EXERCISE DESCRIPTION:
Pictures must not appear; the answer is exactly the lines from the one that holds "国企关于开展树立和践行正确ZJG学习教育的实施方案(3581字)" through the end of the material.
** Opening DATASET CONTENT block **
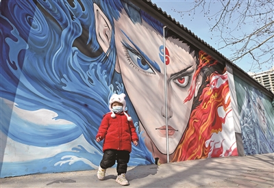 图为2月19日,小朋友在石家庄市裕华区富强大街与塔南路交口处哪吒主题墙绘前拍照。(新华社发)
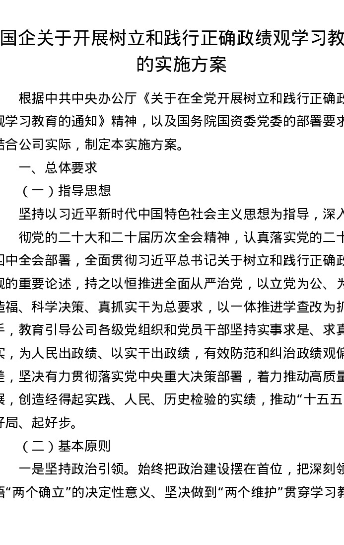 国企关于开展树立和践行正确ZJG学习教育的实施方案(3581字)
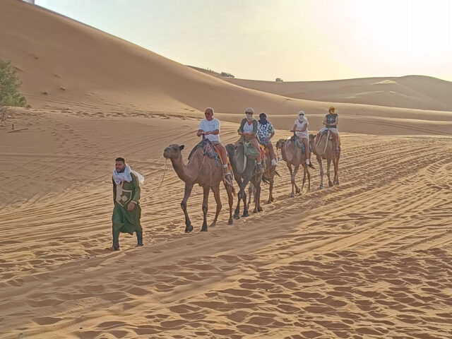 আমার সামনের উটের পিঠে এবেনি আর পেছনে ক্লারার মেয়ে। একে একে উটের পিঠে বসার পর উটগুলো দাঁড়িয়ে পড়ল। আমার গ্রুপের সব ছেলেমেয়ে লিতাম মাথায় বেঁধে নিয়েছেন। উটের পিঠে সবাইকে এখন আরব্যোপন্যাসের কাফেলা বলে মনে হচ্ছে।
** Closing DATASET CONTENT block **
OUTPUT BELOW:
 国企关于开展树立和践行正确ZJG学习教育的实施方案(3581字)
 আমার সামনের উটের পিঠে এবেনি আর পেছনে ক্লারার মেয়ে। একে একে উটের পিঠে বসার পর উটগুলো দাঁড়িয়ে পড়ল। আমার গ্রুপের সব ছেলেমেয়ে লিতাম মাথায় বেঁধে নিয়েছেন। উটের পিঠে সবাইকে এখন আরব্যোপন্যাসের কাফেলা বলে মনে হচ্ছে।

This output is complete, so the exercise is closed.